8. Check normality of residuals from the multi variable regression, if violated, do transformation, variance homogeneity exist: transformation on some independent factor, variance homogeneity doesn’t exist: transformation on dependent factor. Those may improve your model fitting.
9. You may use Akaike’s information criterion or Bayesian information criterion or Mallows’ CP to decide how many factors should be in. Using them is better than comparison of R2.
10. Check interaction among the independent factors, the interaction among two quantitative predictors, means there is joint effect; the effect of one factor varies across the level of another factor. If the interaction between an quantitation factor and a category factor, say gender, it means the effect of the quantitative, slope, is different between males and females.
As I metioned, if all x1-x4 are independent, two are similar. Here is an example to show a1 and b1 are total different a1==0.34, b1=7.9 due to collinearity, x1-x4, see followind
When co-linearity exists, the small change by remove or add a predictor or delete a few records, the estimated coefficients may show large changes in magnitudes or even change in sign, the estimated standard error show large change. Table 1 shows Hald’s data with a new response variable generated by Hadi and Liang (Chatterjee and Hadi 2012, Chapter 6).
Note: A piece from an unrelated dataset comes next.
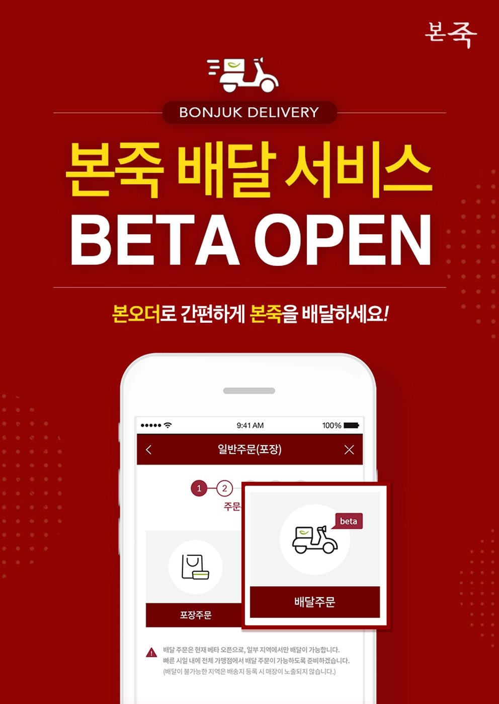 현재 본죽과 본죽&비빔밥 카페 일부 매장에서 시행하고 있으며 계속 확대한다는 계획이다. 배달 가능 매장은 본오더 앱과 공식 홈페이지를 통해 확인할 수 있다.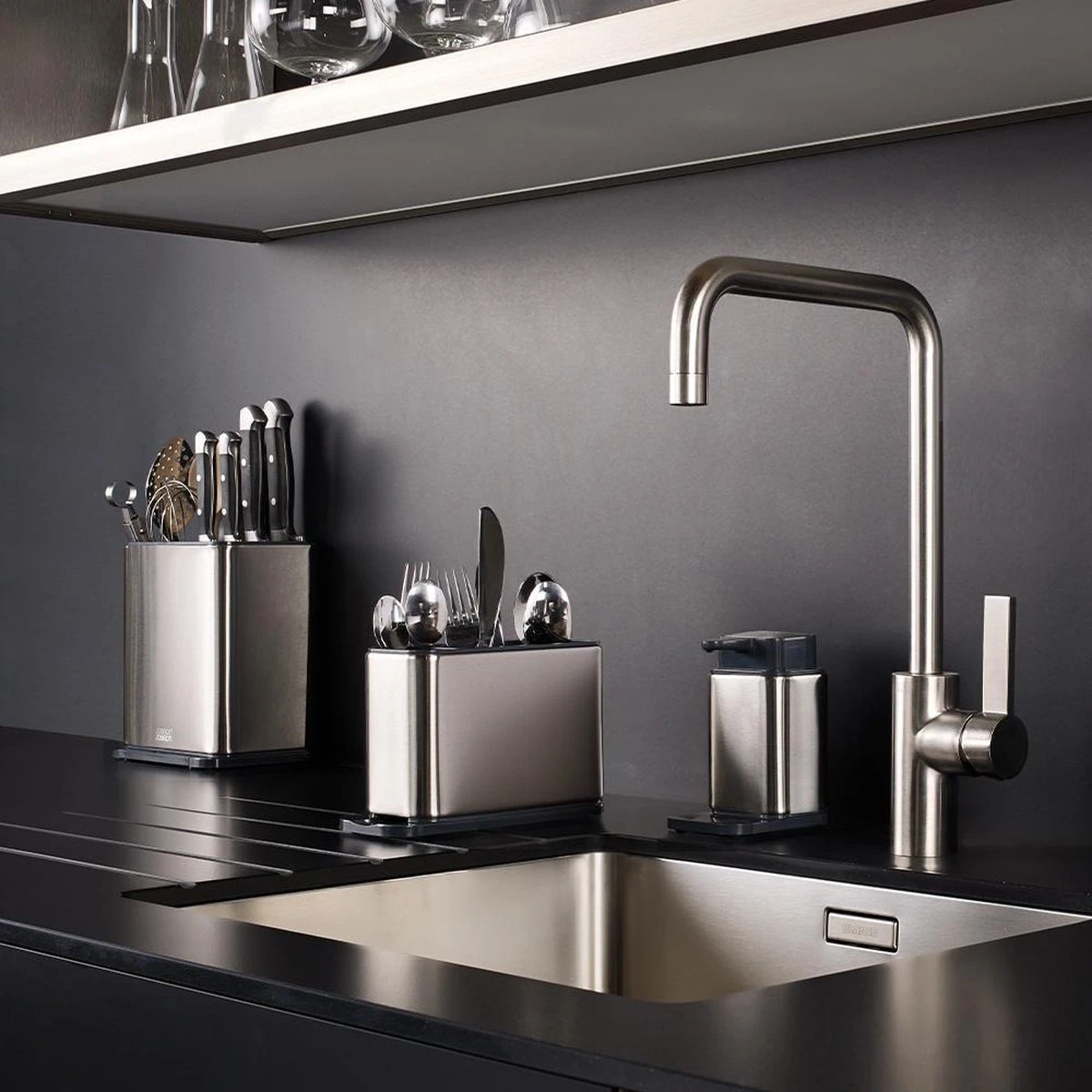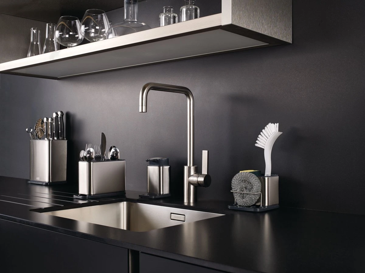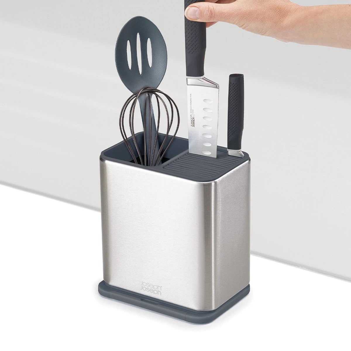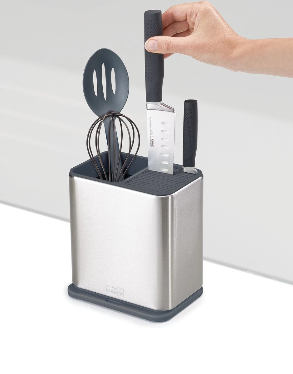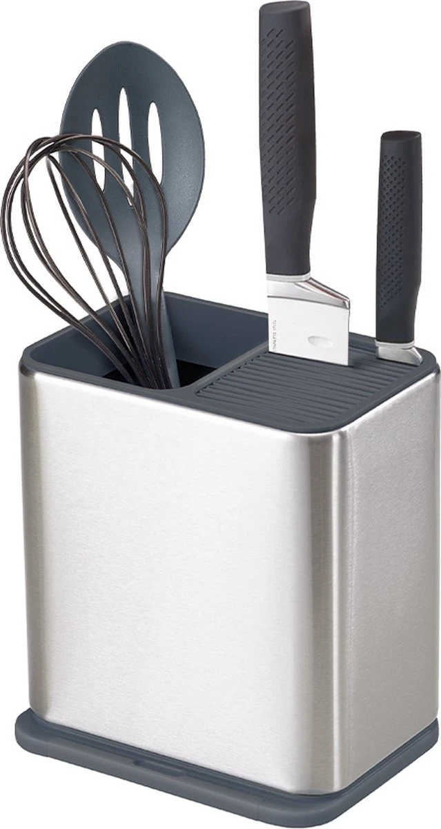 Keukenhulphouder en messenblok in één. Aan de linkerkant is ruimte voor keukenhulpen met een lang handvat. Aan de rechterkant berg je messen veilig op in de sleuven. Aan de onderkant zit een lepellegger verborgen.

The estimated regression coefficients on x1, x4, x1-x3 and x1-x4 are list in Table 2.
No attachment option, find a1 in Model 1, b1 in model 3, both following factor X1
In my view, the key issue is the research question: are you interested in 1) saying something on x1 and x2; or 2), simply in good prediction of y (housing prices).
For 1) you claim that the effects of x1 and x2 are additive and linear, if you use the model x1+x2. This may not be true, and checking interactions and non-linearity makes sense, especially if sample size is decent (opinions will vary here on what is decent, but say n>100). For 2), adherence to model assumptions implies that you make better predictions, but I would be a bit more lenient, and the simple x1+x2 model may do a reasonable job. See Frank Harrell's book on regression strategies (Springer 2001).
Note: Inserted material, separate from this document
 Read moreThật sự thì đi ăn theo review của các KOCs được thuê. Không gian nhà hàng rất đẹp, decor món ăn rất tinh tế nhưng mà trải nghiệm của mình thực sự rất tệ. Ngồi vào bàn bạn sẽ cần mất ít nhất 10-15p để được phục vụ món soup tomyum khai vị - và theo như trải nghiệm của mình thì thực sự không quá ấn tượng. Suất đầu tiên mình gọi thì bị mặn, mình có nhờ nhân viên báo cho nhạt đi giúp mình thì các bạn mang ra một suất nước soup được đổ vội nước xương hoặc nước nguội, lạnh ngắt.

First, I need to better understand what you mean by "multivariate regression". Do you mean the case where there are several correlated response variables (y1, y2, ..., yk), or do you mean the univariate case where there is one response variable and several regressor variables (x1, x2, ....., xk)?
Most likely, you meant the second case.
In order to be able to recommend useful criteria for model selection, it is important to know the main goal for the regression here. Is it "prediction" or is it "fitting"?
If prediction is most important, then you need to focus on obtaining a model that shows stability. Here, a well known criterion is the PRESS, or the prediction error sum of squares. It is a SS error with emphasis on stability with new data values for prediction purposes. Choose the model having the smaller PRESS.
Check for presence of multicollinearity. Obtain the Variance Inflation Factor for each regression coefficient Beta1. Beta2, ..., Betak.
Check for existing influence points and outliers.
Regression analysis does not need normality of the data, but the inferential procedures in regression require normal errors. Modern statistics software packages can test for such a thing. Use Q-Q plots or the basic Shapiro-Wilks Test.
Use only the adjusted R square and not the un-adjusted coefficient of determination, and realize that this statistics is over-used.
There are other issues to check out, but as a good start, after having done all steps pointed out above, choose the better regression model.
If your question was about a comparison between two already chosen regression models, I would go back and verify if all conditions are met.
Explain in more details what your goals are and what the regression is about. Describe the data too.
If you actually are considering multivariate regression models, you need to use some multivariate procedures. Follow texts such as the one by Johnson and Wichern.